> **ACTIVITY**: Repeat the entries exactly, and do not carry the pictures over.
┄┄┄┄┄┄┄┄┄┄
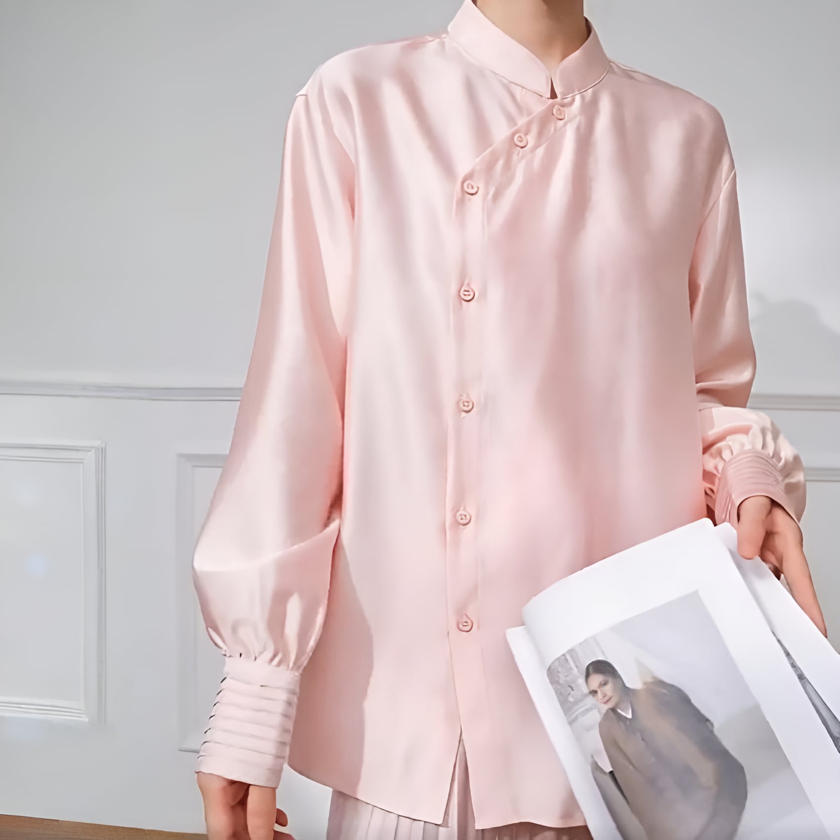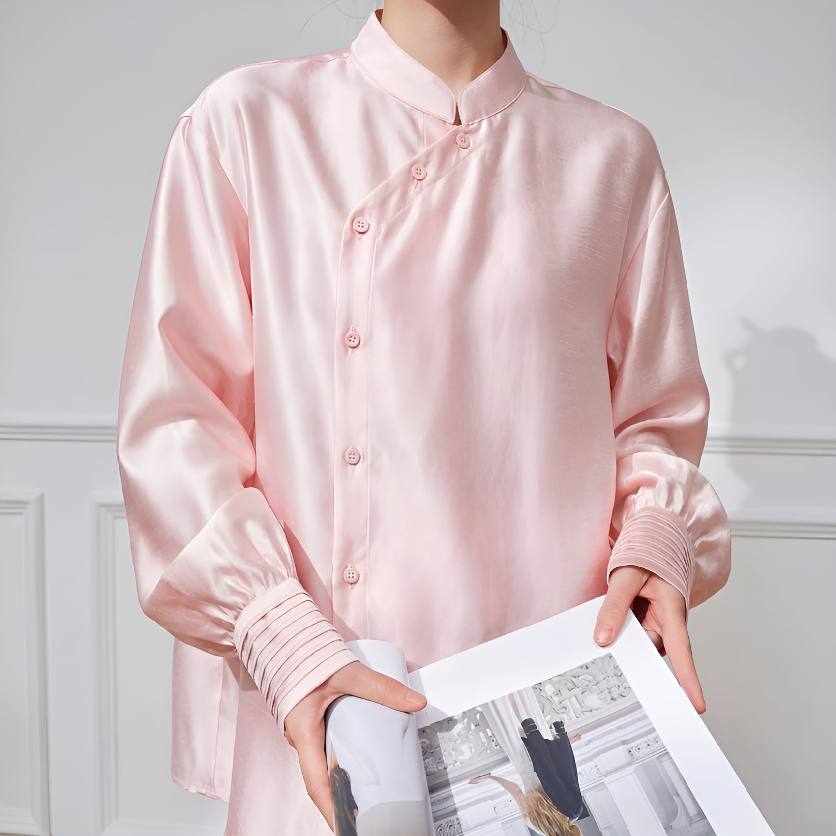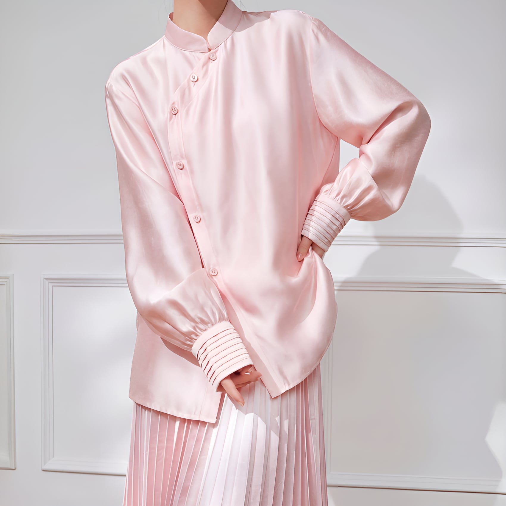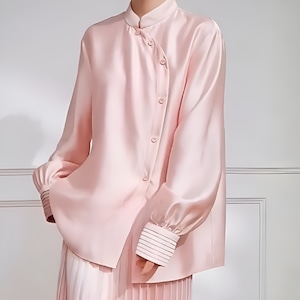 アシンメトリーカラー スタンドレトロブラウスは、ピンクの柔らかな色合いと独自のデザインが魅力の一着です。アシンメトリーなカラーがセンスを感じさせ、スタンドカラーが首元を華やかに演出します。流れるようなシルエットが女性らしさを引き立てつつ、カジュアルからフォーマルまで、さまざまなシーンにお使いいただけるアイテムです。ぜひ、こちらの素敵なブラウスをあなたのワードローブに加えて、おしゃれを楽しんでみてはいかがでしょうか。
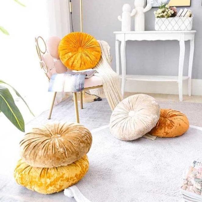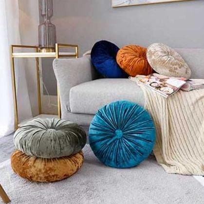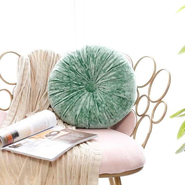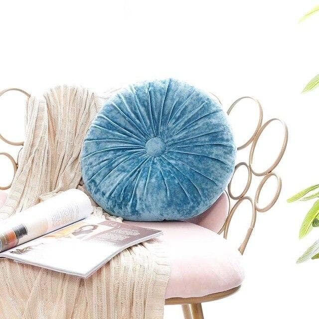 Velura er en rund pyntepude i luksuriøs fløjl, som kombinerer komfort og design i perfekt balance. Med sin bløde overflade, diskrete glans og karakteristiske midterknap bliver den et elegant blikfang på sofa, lænestol eller seng.
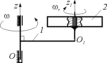 Внутренними силами системы маховик 2 массой 20 кг, центральный момент инерции которого Iz1 = 1 кг·м2, раскручивается до относительной угловой скорости ωr = 40 рад/с. Определить угловую скорость ω держателя 1, если его момент инерции Iz = 4 кг·м2, размер l = 1 м. Ответ округлить до десятых.
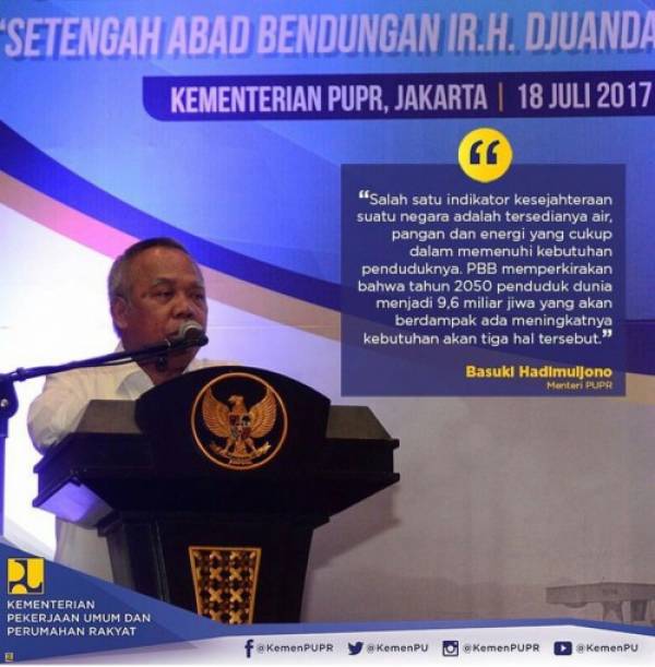 "Untuk ke depannya pekerjaan besar kita adalah untuk terus mengoptimalkan kemanfaaatan Bendungan Jatiluhur yang sudah berumur 50 tahun di Wilayah Sungai Citarum," kata Menteri Basuki saat membuka acara Seminar Nasional “Setengah Abad Bendungan Ir. H. Djuanda Menghidupi Negeri”di Kantor Kementerian PUPR, Jakarta, Selasa (18/7).
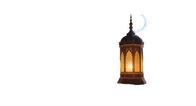 A Glowing Lantern Under a Crescent Moon and Starry Night Sky in the Desert
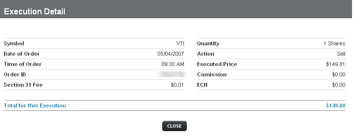 #2: After the market closed on Day 1, I went ahead and placed a sell order on my single share of VTI at my buy price of $149.16. My goal was simply to get my money back. My order was filled right at market open (9:30am) for $149.81. Here is a screenshot from my order history.
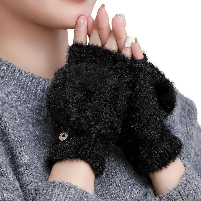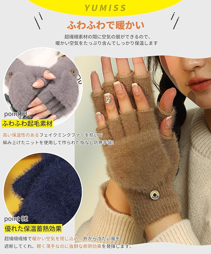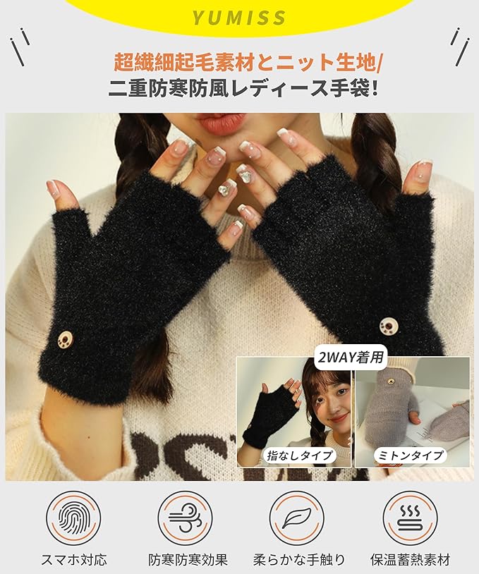 [YUMISS] 防寒手袋 指なし レディース 【2WAY仕様・超繊細保温蓄熱素材・ふわふわ柔らかな肌触り】 冬 スマホ対応 ミトン 保温 防風 柔らかい よい伸縮性 パソコン作業 自転車 アウトドア 指ぬき てぶくろ
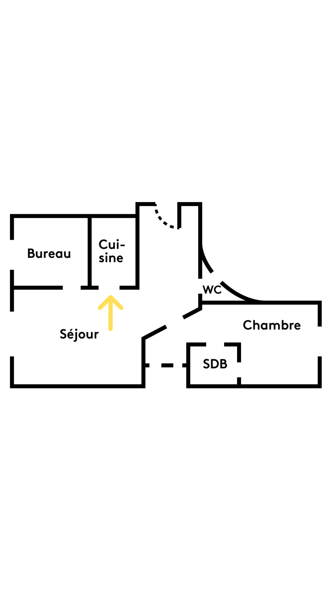 Dans la cuisine, on a poussé le détail jusqu’à concevoir une encoche dans l’encadrement de la porte. Une belle idée pour casser l’aspect couloir vu depuis le salon et créer du dynamisme !
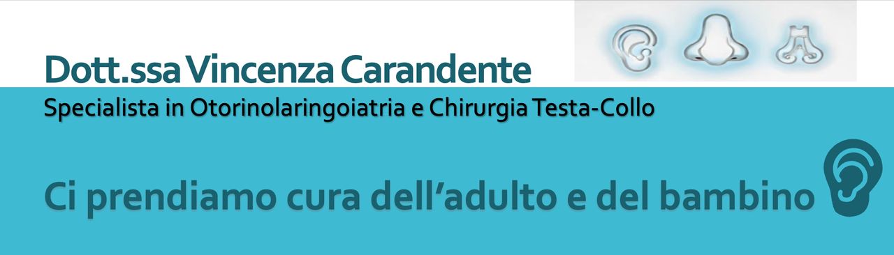Sono la dott.ssa Vincenza Carandente - Medico Chirurgo Specialista in Otorinolaringoiatria (ORL). Dopo la laurea in Medicina e Chirurgia con il massimo dei voti presso Università degli Studi di Napoli Federico II e Iscrizione all’Albo dei Medici Chirurghi di Napoli ho conseguito la specializzazione in Otorinolaringoiatria con Lode presso Università Vanvitelli di Napoli.
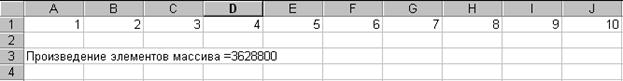 Cells(4, 1) = "Произведение элементов массива =" & Р
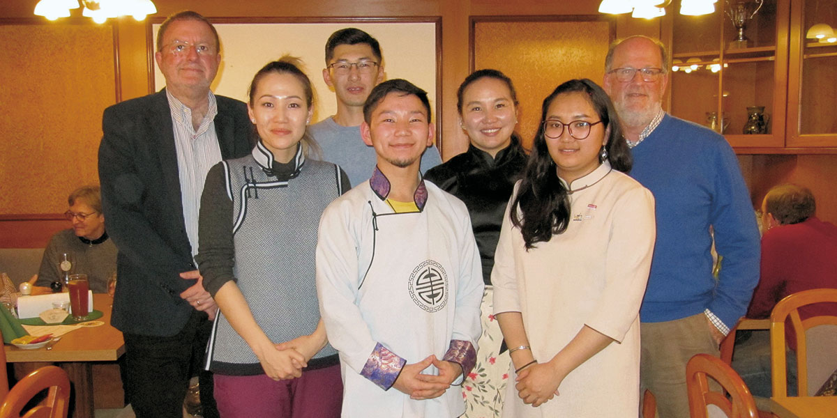 Die fünf Teilnehmer sind alle aus der Hauptstadt und Mitglieder des Rotaractclubs Ulaanbaatar. Dieser Club engagiert sich in seiner Heimat mit humanitären Projekten wie der Überprüfung der Sehschärfe tausender von Kindern, der Unterstützung junger Mongolen bei der Karriereplanung und der Planung und dem Bau eines Kindergartens. Bei der Präsentation lernten die hiesigen Rotarier, daß die zentralasiatische Mongolei flächenmäßig etwa doppelt so groß wie Deutschland ist, aber nur von rund drei Millionen Einwohnern bewohnt wird. Damit ist sie der am dünnsten besiedelte Staat der Welt.
┄┄┄┄┄┄┄┄┄┄
> **EXERCISE ANSWER**:
 アシンメトリーカラー スタンドレトロブラウスは、ピンクの柔らかな色合いと独自のデザインが魅力の一着です。アシンメトリーなカラーがセンスを感じさせ、スタンドカラーが首元を華やかに演出します。流れるようなシルエットが女性らしさを引き立てつつ、カジュアルからフォーマルまで、さまざまなシーンにお使いいただけるアイテムです。ぜひ、こちらの素敵なブラウスをあなたのワードローブに加えて、おしゃれを楽しんでみてはいかがでしょうか。
 Velura er en rund pyntepude i luksuriøs fløjl, som kombinerer komfort og design i perfekt balance. Med sin bløde overflade, diskrete glans og karakteristiske midterknap bliver den et elegant blikfang på sofa, lænestol eller seng.
 Внутренними силами системы маховик 2 массой 20 кг, центральный момент инерции которого Iz1 = 1 кг·м2, раскручивается до относительной угловой скорости ωr = 40 рад/с. Определить угловую скорость ω держателя 1, если его момент инерции Iz = 4 кг·м2, размер l = 1 м. Ответ округлить до десятых.
 "Untuk ke depannya pekerjaan besar kita adalah untuk terus mengoptimalkan kemanfaaatan Bendungan Jatiluhur yang sudah berumur 50 tahun di Wilayah Sungai Citarum," kata Menteri Basuki saat membuka acara Seminar Nasional “Setengah Abad Bendungan Ir. H. Djuanda Menghidupi Negeri”di Kantor Kementerian PUPR, Jakarta, Selasa (18/7).
 A Glowing Lantern Under a Crescent Moon and Starry Night Sky in the Desert
 #2: After the market closed on Day 1, I went ahead and placed a sell order on my single share of VTI at my buy price of $149.16. My goal was simply to get my money back. My order was filled right at market open (9:30am) for $149.81. Here is a screenshot from my order history.
 [YUMISS] 防寒手袋 指なし レディース 【2WAY仕様・超繊細保温蓄熱素材・ふわふわ柔らかな肌触り】 冬 スマホ対応 ミトン 保温 防風 柔らかい よい伸縮性 パソコン作業 自転車 アウトドア 指ぬき てぶくろ
 Dans la cuisine, on a poussé le détail jusqu’à concevoir une encoche dans l’encadrement de la porte. Une belle idée pour casser l’aspect couloir vu depuis le salon et créer du dynamisme !
Sono la dott.ssa Vincenza Carandente - Medico Chirurgo Specialista in Otorinolaringoiatria (ORL). Dopo la laurea in Medicina e Chirurgia con il massimo dei voti presso Università degli Studi di Napoli Federico II e Iscrizione all’Albo dei Medici Chirurghi di Napoli ho conseguito la specializzazione in Otorinolaringoiatria con Lode presso Università Vanvitelli di Napoli.
 Cells(4, 1) = "Произведение элементов массива =" & Р
 Die fünf Teilnehmer sind alle aus der Hauptstadt und Mitglieder des Rotaractclubs Ulaanbaatar. Dieser Club engagiert sich in seiner Heimat mit humanitären Projekten wie der Überprüfung der Sehschärfe tausender von Kindern, der Unterstützung junger Mongolen bei der Karriereplanung und der Planung und dem Bau eines Kindergartens. Bei der Präsentation lernten die hiesigen Rotarier, daß die zentralasiatische Mongolei flächenmäßig etwa doppelt so groß wie Deutschland ist, aber nur von rund drei Millionen Einwohnern bewohnt wird. Damit ist sie der am dünnsten besiedelte Staat der Welt.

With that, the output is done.